EmitenNews.com - Sedikitnya 12 perusahaan laptop diperkaya dalam kasus korupsi digitalisasi pendidikan pengadaan laptop Chromebook di lingkungan Kemendikbudristek tahun 2019-2022. Juga terdapat 13 orang lain, termasuk Nadiem Anwar Makarim, salah satu tersangka. Dalam kasus yang merugikan keuangan negara Rp2,18 triliun itu, jaksa mendakwa Nadiem menerima lebih dari Rp809 miliar. Nadiem keberatan atas dakwaan tersebut 

Demikian dakwaan Jaksa Penuntut Umum dalam sidang pembacaan dakwaan terhadap mantan Mendikbudristek itu, di Pengadilan Tipikor Jakarta, Senin (5/1/2026).

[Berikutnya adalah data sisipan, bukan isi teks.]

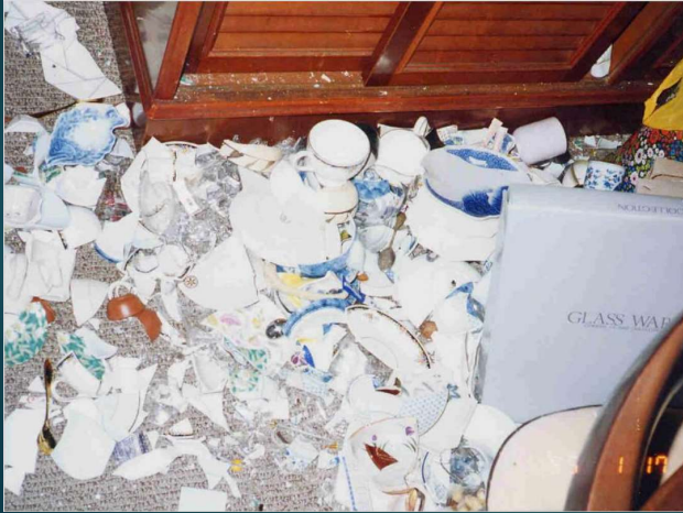
地震後の家の中の様子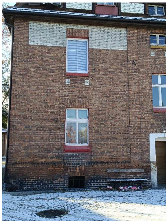
Fot. 8. Różnocoowane okna, kolory parapetów, występujące kraty w oknach piwnicznych.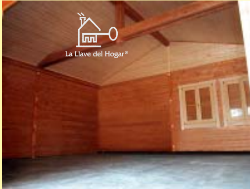
Interior del garaje con las puertas abiertas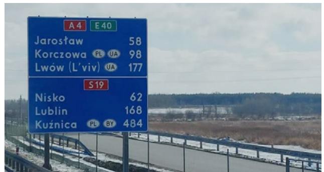
Lwiv - dorthin geht der WVS Hilfstransport.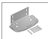
KT208 Bevestigingsplaat voor R23 series.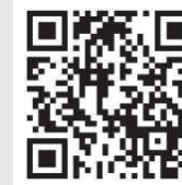
あなぶきアリーナ香川の魅力を動画でご紹介!

ユネスコ本部で2015年に創設され、毎年、世界の優れた建築物やインテリアを表彰する賞。美術館、ホテル、レストラン、スポーツ施設など8部門から、それぞれベルサイユ賞(最優秀賞)、エクステリア特別賞およびインテリア特別賞を選定。国内のベルサイユ賞は、17年の東急プラザ銀座(店舗・百貨店部門・東京)、20年のアマン京都(ホテル部門・京都)、24年の下瀬美術館(美術館部門・広島)に続いて4例目。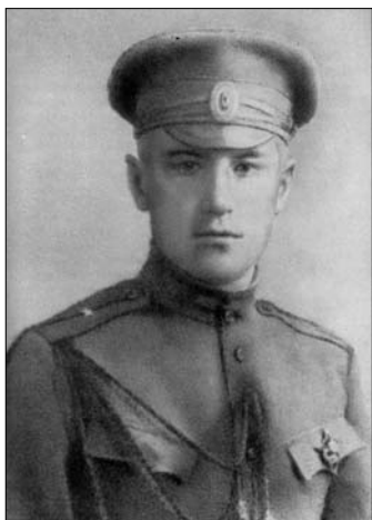
Валентин Катаев. 1916 г.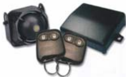
BEEPER AXESS X™ REF : X1 - X45 - X5 - X7

Les BEEPER AXESS™ sont des systèmes d'alarme mono-directionnels. Ils disposent de toutes les fonctions de sécurité et de confort nécessaires à la protection optimale de votre véhicule. ● LA GAMME AXESS X EST FOURNIE AVEC 2 TÉLÉCOMMANDES. ● SI VOUS SOUHAITEZ COMMANDER DIRECTEMENT L'ACTIVATION DE VOTRE SYSTÈME AXESS PAR LA TÉLÉCOMMANDE D'ORIGINE DE VOTRE VÉHICULE CHOISISSEZ LA GAMME AXESS NK .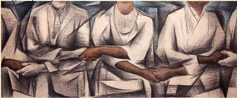
Άλυσοι. Edward Biberman

Το μεγάλο χάος 2 , αφού επηρέασε το μυαλό και τις καρδιές της ανθρωπότητας προκειμένου να επιτύχει τους σκοπούς του, ετοιμάζεται για τον τελευταίο του χτύπημα. Να καταστρέψει κάθε ίχνος αυθεντικής και ειλικρινούς Παραδοσιακής Νοοτροπίας σε όσους λίγους Μυητικούς χώρους επιβίωσαν της καταστρεπτικής του μανίας.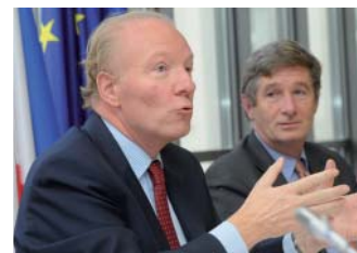
Brice Hortefeux, Ministro de Inmigración, Integración, Identidad Nacional y Desarrollo Solidario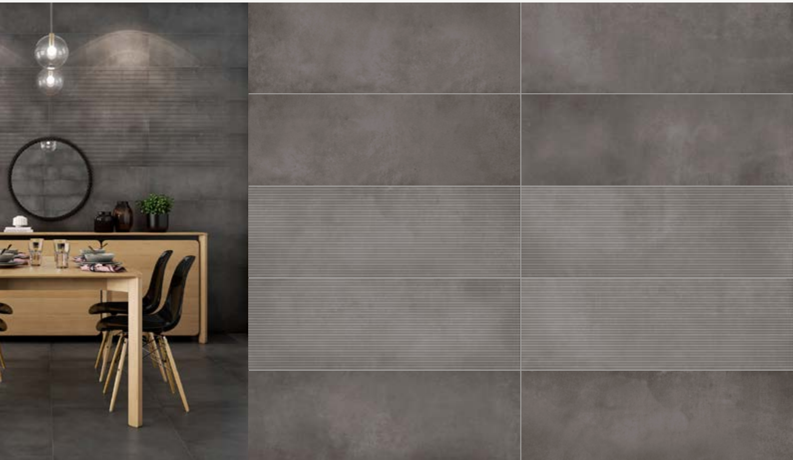
Tabla Técnica | Technical Chart | Scheda Tecnica

Pasta Blanca | White Body | Pasta Bianca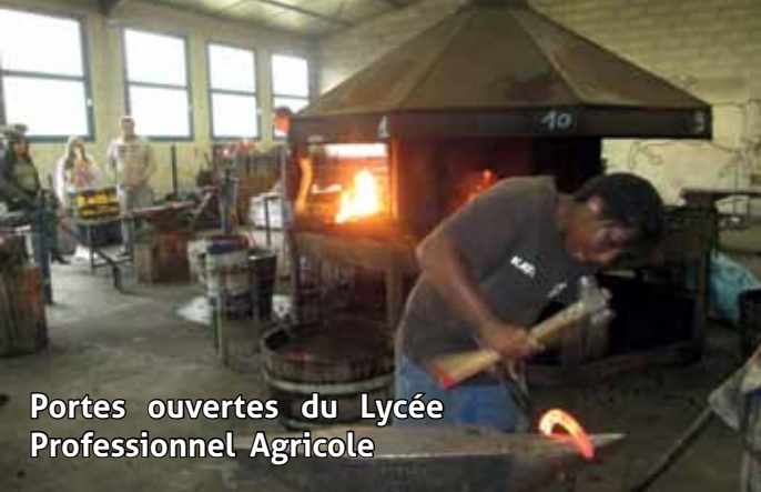
Portes ouvertes du Lycée Professionnel Agricole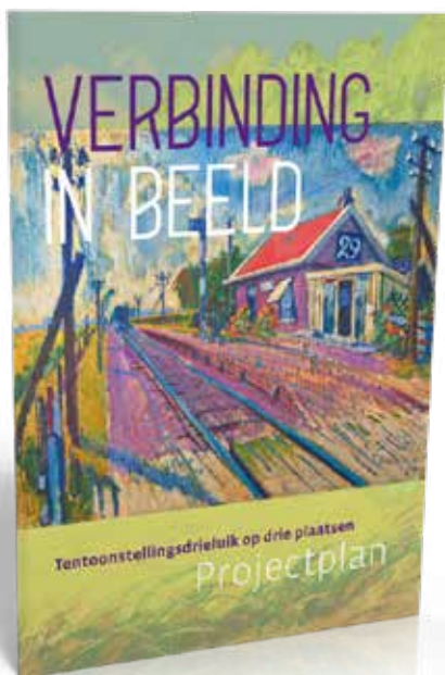
Projectplan 'Verbinding in beeld'

In de periode dat we gesloten waren, hebben we geprobeerd ons publiek vast te houden door een extra dikke 'bewaarnieuwsbrief' met interessante artikelen uit te brengen en door online activiteiten en filmpjes te publiceren via social media. In de periode dat we wel weer bezoekers mochten ontvangen, hebben we groots uitpakkt met het tentoonstellingsproject 'Verbinding in beeld' dat geopend werd in de Nicolaïkerk, waar ruim 200 man aanwezig waren. Dat voelde als een verademing na de lockdown.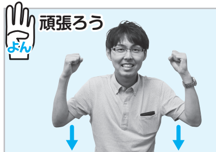
▲両手でこぶしを握り、2回上下させる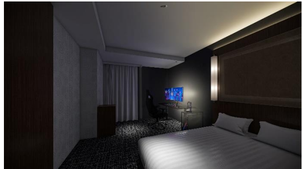
Trial Gaming Room

Berikut 12 perusahaan laptop yang diuntungkan dalam kasus Chromebook: 

-PT Supertone (SPC): Rp44.963.438.116,26 

-PT Asus Technology Indonesia (ASUS): Rp819.258.280,74 

-PT Tera Data Indonesia (AXIOO): Rp177.414.888.525,48 

-PT Lenovo Indonesia (Lenovo): Rp19.181.940.089,11 

-PT Zyrexindo Mandiri Buana (Zyrexx): Rp41.178.450.414,25 

-PT Hewlett-Packard Indonesia (Hp): Rp2.268.183.071,41 

-PT Gyra Inti Jaya (Libera): Rp101.514.645.205,73 

-PT Evercoss Technology Indonesia (Evercross): Rp341.060.432,39 

-PT Dell Indonesia (Dell): Rp112.684.732.796,22 

-PT Bangga Teknologi Indonesia (Advan): Rp48.820.300.057,38 

-PT Acer Indonesia (Acer): Rp425.243.400.481,05 

-PT Bhinneka Mentari Dimensi; Rp281.676.739.975,27. 

Ini daftar 13 orang yang juga diduga diperkaya dari kasus tersebut;

Nadiem Makarim: Rp809.590.125.000, Mantan Dirjen SD Kemendikbudristek, Mulyatsyah: SGD120.000 dan USD150.000 Pejabat Pembuat Komitmen (PPK) Kemendikbudristek, Harnowo Susanto: Rp300.000.000.